I rose, let the cover fall away to the coat, and made for the door with the rifle loose in one hand, but when I opened it, one knife flew at my face, my hands, my feet, three instant cold blades from the wind. I shielded my eyes to no avaiclass="underline" no dog anywhere in sight, no paws and a head waiting to come in. I lingered to be sure, stood there for a minute before going back inside and pulling on the wool socks and a sweater under the coat. The wind must have infected me now, I shook that hard. I dressed myself fully by the bed. To fall asleep and be defenseless, to lie still while the forest swarmed around, that could not be. Better covered now, I was off again, this time all the way outside, to the grave.
Bending close I saw nothing that showed Hobbes had freed himself. I traced no evidence of even weak marks, the softening tracks of a running dog. So the howl and scratch at the door was only the cold after all. I stood at the forest edge wrapped in the coat and looked back at the cabin: the weak light of the frigid bedroom I had just left glimmered in the cracks of the side window, otherwise all was black, open to the elements but for a few inches of timber and a lining of books.
I waited for nothing. And nothing arrived. A deep ice stole its way into my heart. I felt it settle in and numb the valves and quiet the wind that blew inside my frame, heard it set upon my bones and breathe silence into the brittle spaces, everything that was broken. At that moment my heart knew the peace of cold. I gave up on my friend, and the night watch was done, for only his spirit would ever come to me again.
22
IF THE NOISE WAS NOT FROM THE GRAVE, THE UNEASE was elsewhere, and I could not stay out here standing sentry for that long. The suspicion that drew me out was perhaps all that could be called grave tonight: what had stayed at the back of my mind, a worry like wings.
I did not want to suspect Claire of anything, and did not, until I remembered our recent conversation on the street when she seemed to sense that all was not well with me. How would she know? Was her hand in this? Perhaps she belonged so completely now to another man that she decided to remove anything from that summer that still attached itself to me, and all that was left was Hobbes.

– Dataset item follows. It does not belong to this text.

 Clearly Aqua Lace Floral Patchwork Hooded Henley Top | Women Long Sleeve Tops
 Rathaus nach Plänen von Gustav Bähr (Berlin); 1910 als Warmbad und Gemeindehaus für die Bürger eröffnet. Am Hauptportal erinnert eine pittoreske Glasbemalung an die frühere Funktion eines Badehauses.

Such a thought, that Claire brought a gun out along the trails to my cabin and ended the life of the dog she helped rescue. It was well beyond my means to harm her, or any woman—and in that event my father would never have tolerated such a thing—but the thoughts would not disperse from my mind. Had she killed him?

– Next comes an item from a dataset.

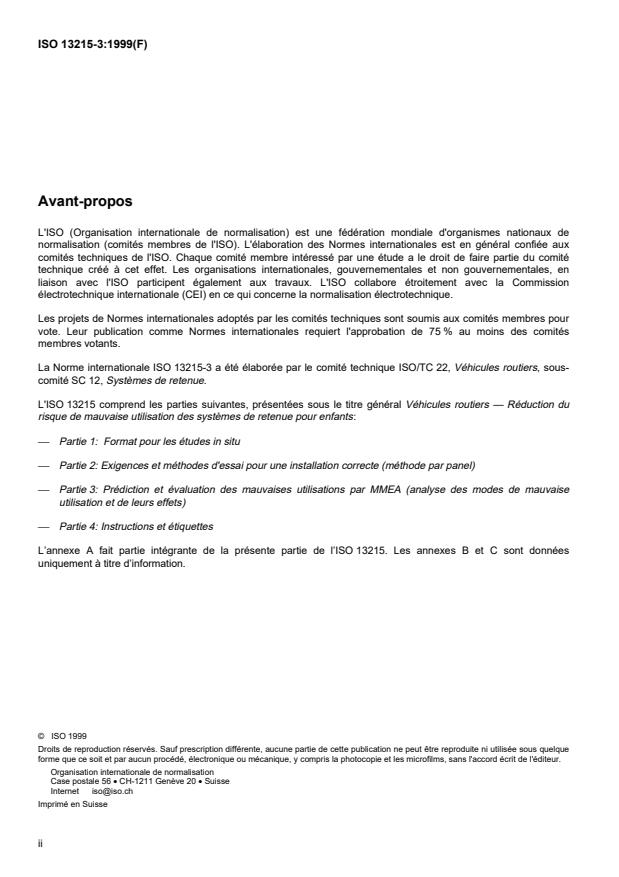 ISO 13215-3:1999 - Road vehicles -- Reduction of misuse risk of child restraint systems
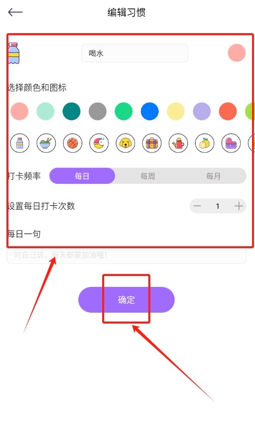3、填写事项的打卡频率,选好颜色或图标后点击确定就设置好了。

Though the cold was something fierce, I hugged the coat about me more and leaned into the sheltered side of a tree trunk.
23
TO LOOK FOR EVIDENCE MEANT SHARPENING THE details of what was already known, re-seeing what was already seen. And it slowly came to me, what was bothering me, some evidence of a trick she played with others to bring this dog into my life and then take him away. I resolved however to think things over before anything else was done.

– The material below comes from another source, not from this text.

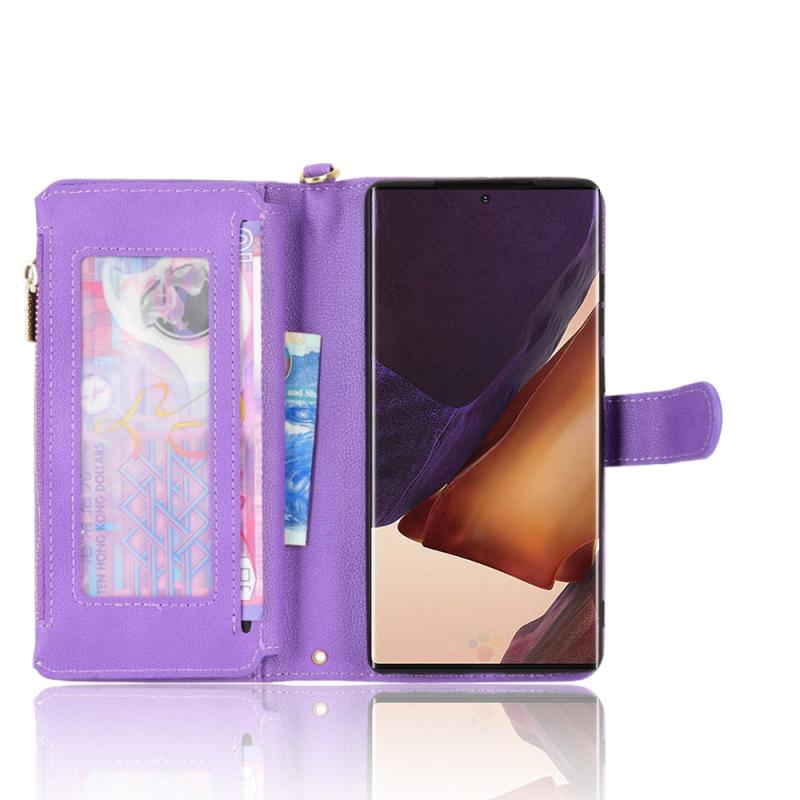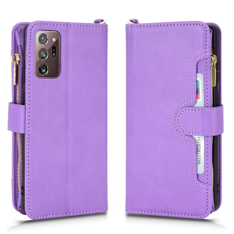 For Samsung Galaxy Note20 Litchi Texture Zipper Leather Phone Case(Purple)

The first evidence of guilt was the way she turned up at the cabin that day in early summer. She walked past the flowers that stained the grass blue and yellow under the Maine sky, wide and shallow and ice blue. I was in the kitchen reading, and the wind blew from the south through the open window and through all the rooms, seeking out the last smells and shadows of spring, and the new summer grazed my skin with a warm whisper, its first word. I rose from the armchair when I heard her: my face had been buried in a book and now it filled the glass as I watched.
Some hens ran after each other in the sunlight under the smell of burning pine and past the truck. I stepped out onto the porch under smoke that swept down from the chimney.